**DIRECTIONS:** All records are to be restated word for word, with pictures excluded.
[EXERCISE MATERIALS — start]
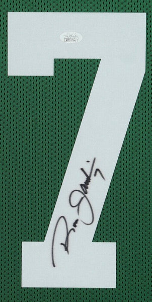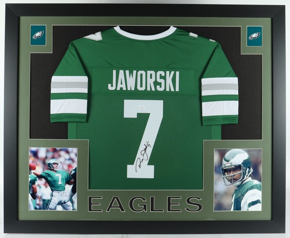 Custom frame measures approximately 35" x 43" in size and features a jersey that has been hand-signed by Ron Jaworski.The lot / autograph(s) includes an official James Spence Authentication (JSA) hologram and QR Code card for authenticity purposes. The signing of this item was witnessed by JSA.Authentication: JSA Hologram & QR Code Card
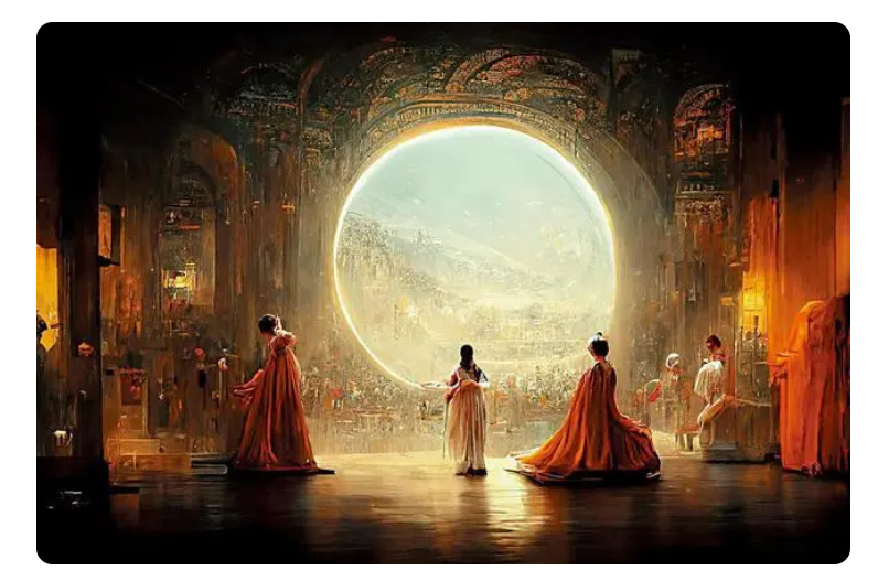 在美国科罗拉多州艺术博览会上基于 Midjourney 获奖的 AI 画作《太空歌剧院》
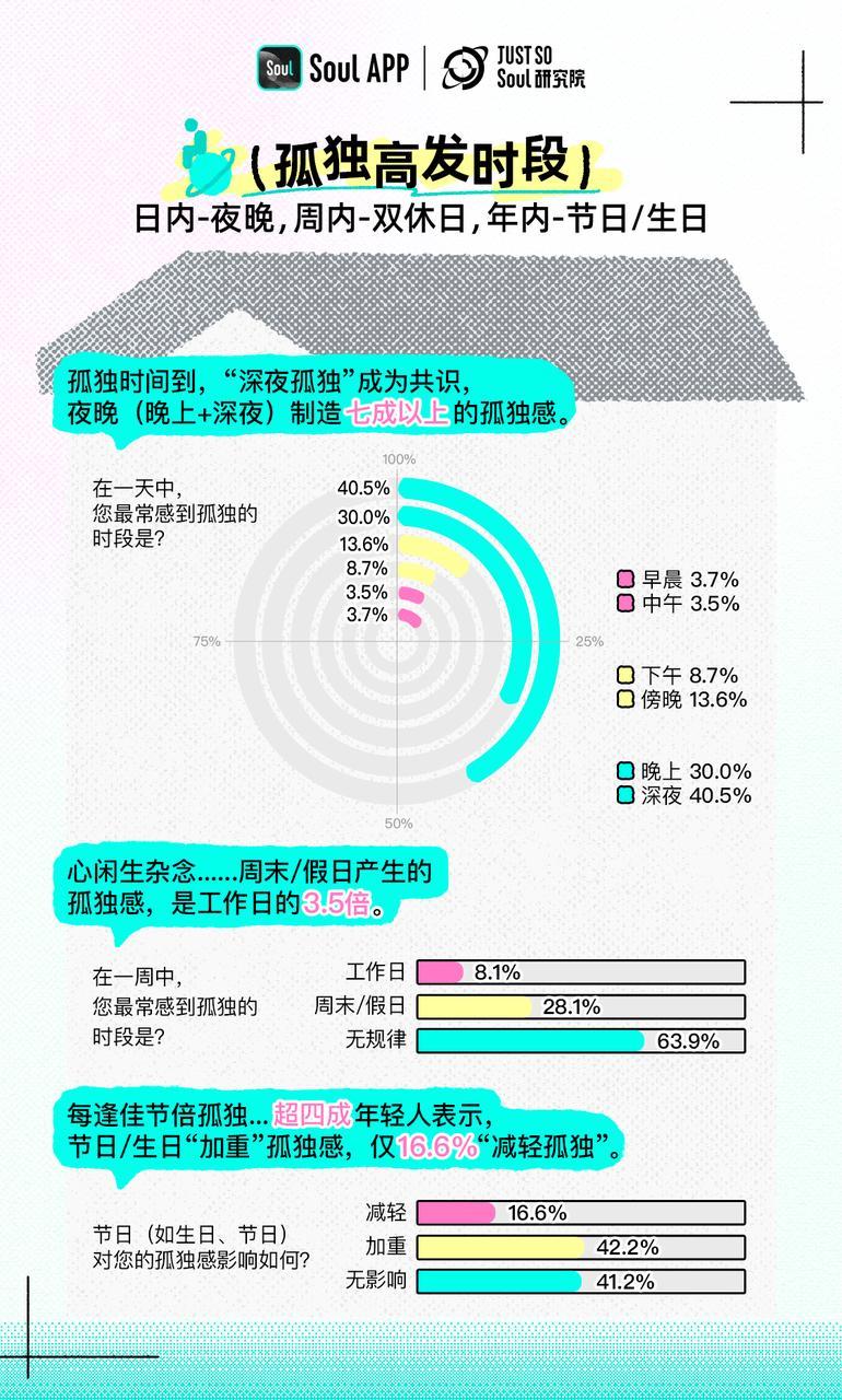 在较长的一周周期之中,周末/假日产生的孤独时刻是工作日的 3.5 倍之多;而在年内,42.2%的年轻人表示节日/生日会“加重”自己的孤独感,前者是喜气洋洋的乐景衬托出“作者”的哀情,后者是越长大越孤单,越长大越不安......
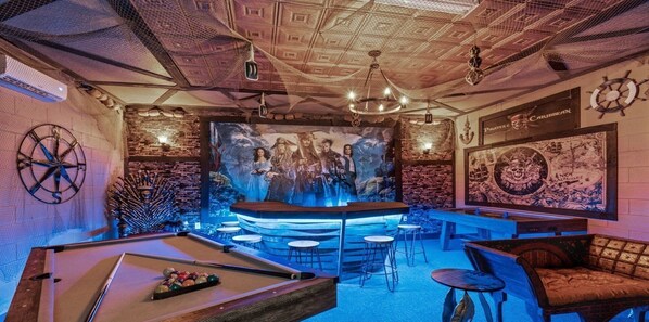 Considering we booked the house for our family consisting mostly of children, the state of the game room/games was a huge disappointment. Every game had an issue and the 'Guest Experience Team' (Laura) with Top Villas was useless considering we only asked them to fix the arcade game that wouldn't turn on. They never showed up to TRY to fix it. The game room was falling apart with hanging ceiling tiles, ripped wall paper, and damaged bar and lights. The air hockey table would not float the puck. The felt on the pool table was damaged. The Foosball table had missing score counter and scored balls dropped to the floor. The kitchen had lots of excessively used cookware and zero serving dishes. There was one bathroom that looked like it had a badly cleaned poop party. The rooms on the other hand were clean and nicely decorated but had broken drawers, stained dressors, and missing/broken decorations. The houses were so close together that the pool did not feel private and the neighbors were very loud. The resort amenities were very nice but you had to pay extra for the majority of the daily activities.
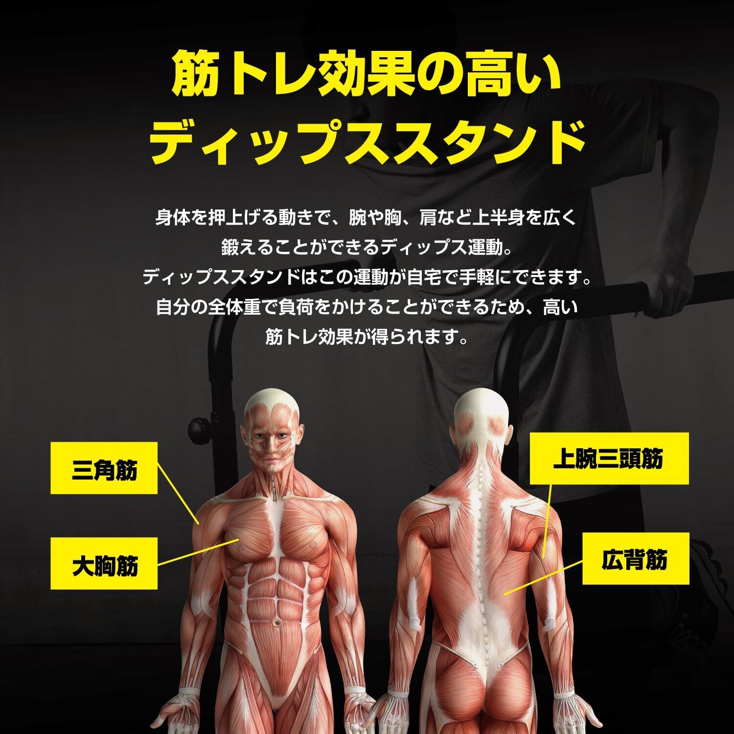 【鍛えられる主な筋肉】肩の筋肉である三角筋、上腕の裏側にある上腕三頭筋、胸の筋肉である大胸筋、肩甲骨周辺にある小さな筋肉群(インナーマッスル)など
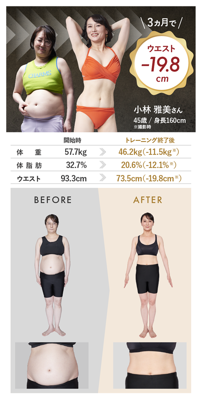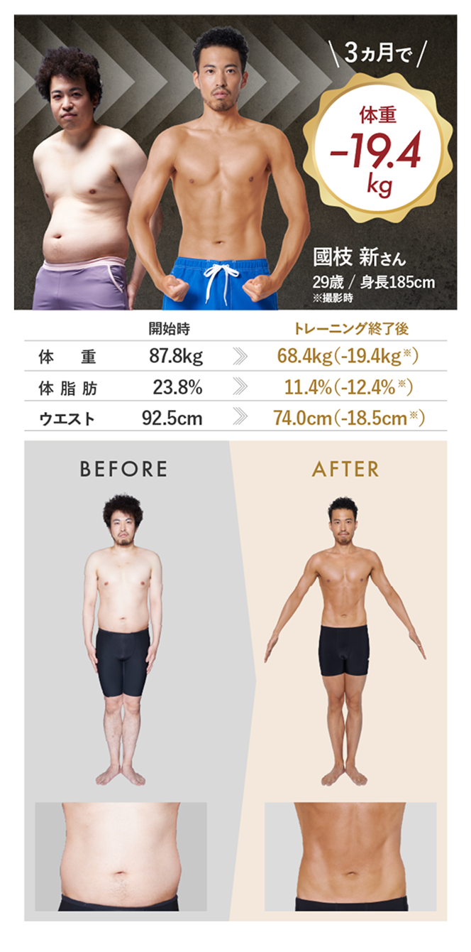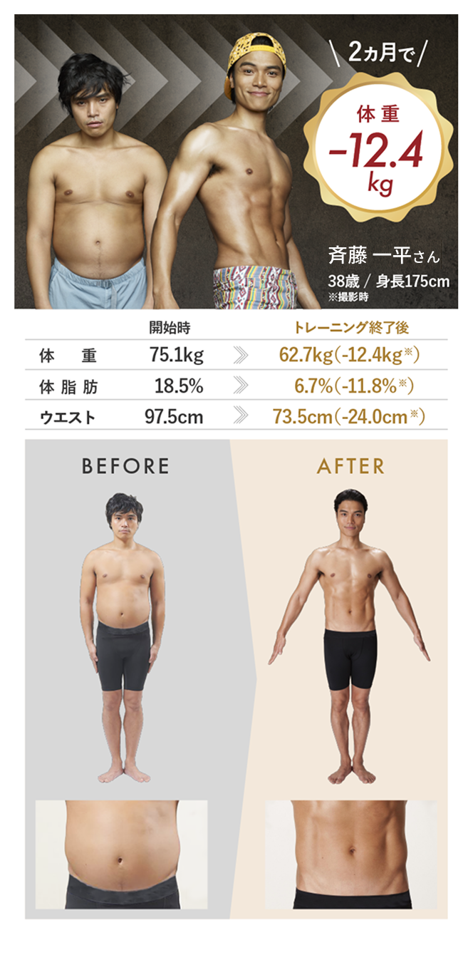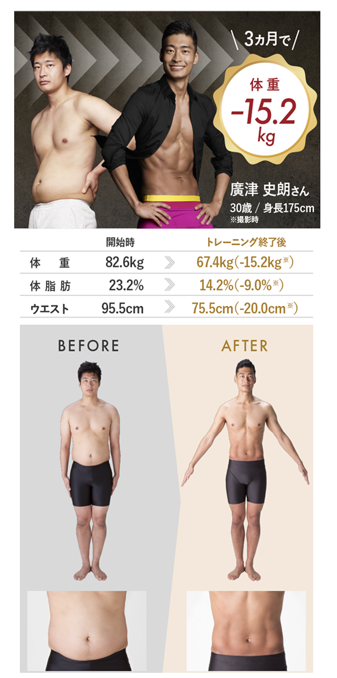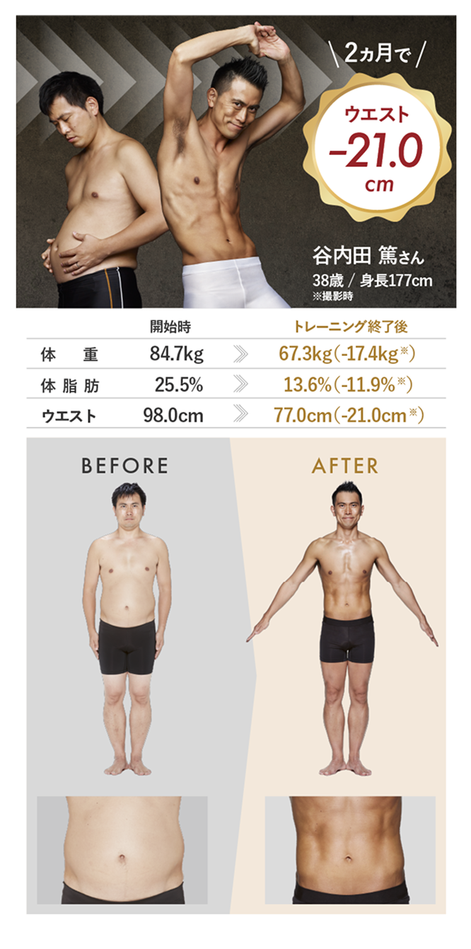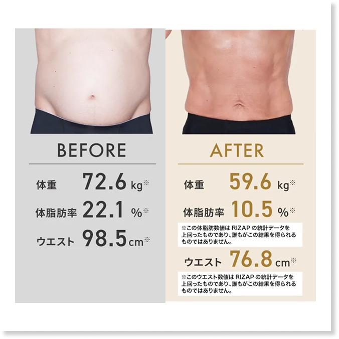 ※体験者(ジャン・裕一さん)の体脂肪数値・ウエスト数値はRIZAPの統計データを上回ったものであり、誰もがこの結果を得られるものではありません。※結果には個人差があり効果を保証するものではありません。※プログラム実施期間は2ヶ月間になります。RIZAPの臨床試験結果はこちら
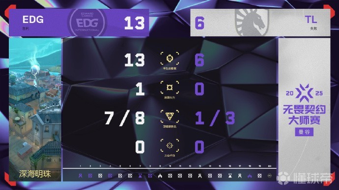 上半场手枪局,EDG进攻方开局,TL摆铺收获奇效,Keiko和kamo中路推进团灭EDG,0-1(以下比分均EDG在前)。
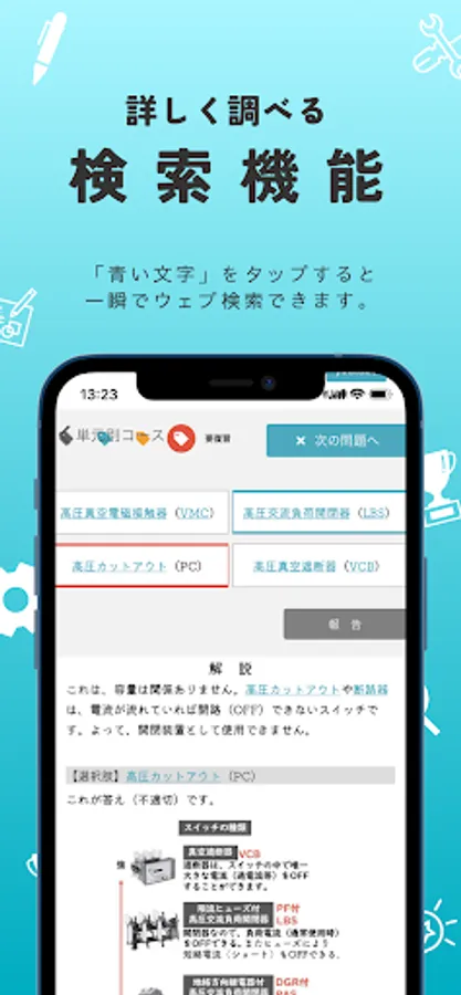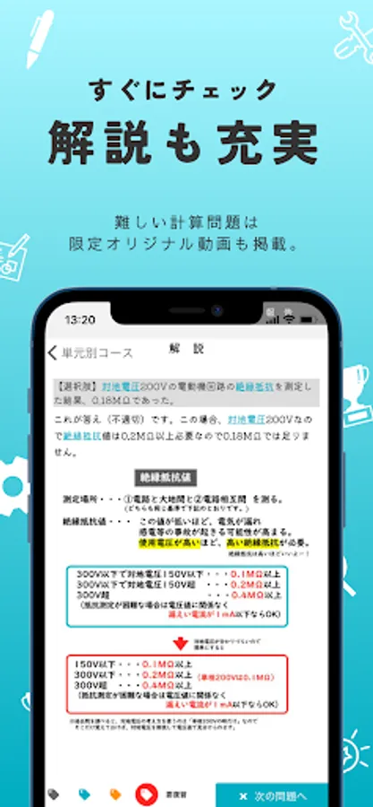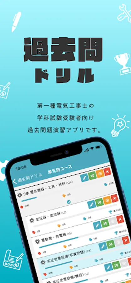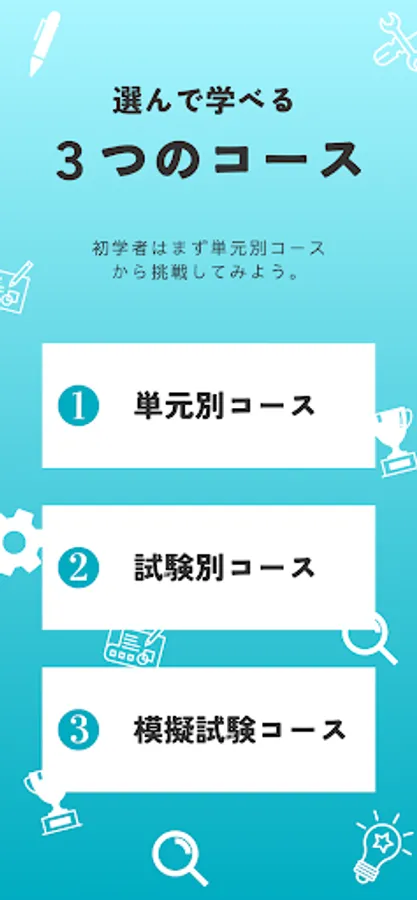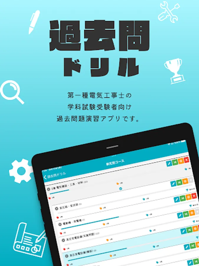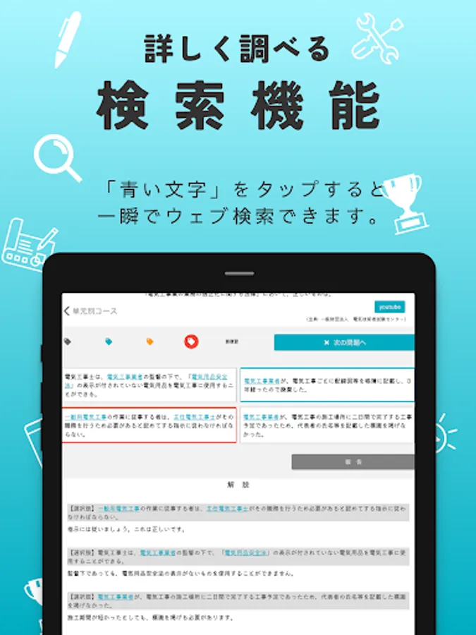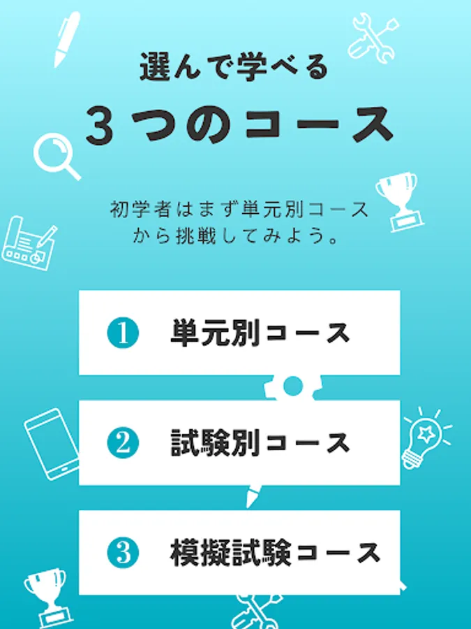 ・ "Unit-specific course" allows you to solve past problems by dividing them into units. Understanding is surely deepened by solving similar problems such as calculation problems and legal problems together.
[EXERCISE MATERIALS — finish]
**OUTPUT:**
 Custom frame measures approximately 35" x 43" in size and features a jersey that has been hand-signed by Ron Jaworski.The lot / autograph(s) includes an official James Spence Authentication (JSA) hologram and QR Code card for authenticity purposes. The signing of this item was witnessed by JSA.Authentication: JSA Hologram & QR Code Card
 在美国科罗拉多州艺术博览会上基于 Midjourney 获奖的 AI 画作《太空歌剧院》
 在较长的一周周期之中,周末/假日产生的孤独时刻是工作日的 3.5 倍之多;而在年内,42.2%的年轻人表示节日/生日会“加重”自己的孤独感,前者是喜气洋洋的乐景衬托出“作者”的哀情,后者是越长大越孤单,越长大越不安......
 Considering we booked the house for our family consisting mostly of children, the state of the game room/games was a huge disappointment. Every game had an issue and the 'Guest Experience Team' (Laura) with Top Villas was useless considering we only asked them to fix the arcade game that wouldn't turn on. They never showed up to TRY to fix it. The game room was falling apart with hanging ceiling tiles, ripped wall paper, and damaged bar and lights. The air hockey table would not float the puck. The felt on the pool table was damaged. The Foosball table had missing score counter and scored balls dropped to the floor. The kitchen had lots of excessively used cookware and zero serving dishes. There was one bathroom that looked like it had a badly cleaned poop party. The rooms on the other hand were clean and nicely decorated but had broken drawers, stained dressors, and missing/broken decorations. The houses were so close together that the pool did not feel private and the neighbors were very loud. The resort amenities were very nice but you had to pay extra for the majority of the daily activities.
 【鍛えられる主な筋肉】肩の筋肉である三角筋、上腕の裏側にある上腕三頭筋、胸の筋肉である大胸筋、肩甲骨周辺にある小さな筋肉群(インナーマッスル)など
 ※体験者(ジャン・裕一さん)の体脂肪数値・ウエスト数値はRIZAPの統計データを上回ったものであり、誰もがこの結果を得られるものではありません。※結果には個人差があり効果を保証するものではありません。※プログラム実施期間は2ヶ月間になります。RIZAPの臨床試験結果はこちら
 上半场手枪局,EDG进攻方开局,TL摆铺收获奇效,Keiko和kamo中路推进团灭EDG,0-1(以下比分均EDG在前)。
 ・ "Unit-specific course" allows you to solve past problems by dividing them into units. Understanding is surely deepened by solving similar problems such as calculation problems and legal problems together.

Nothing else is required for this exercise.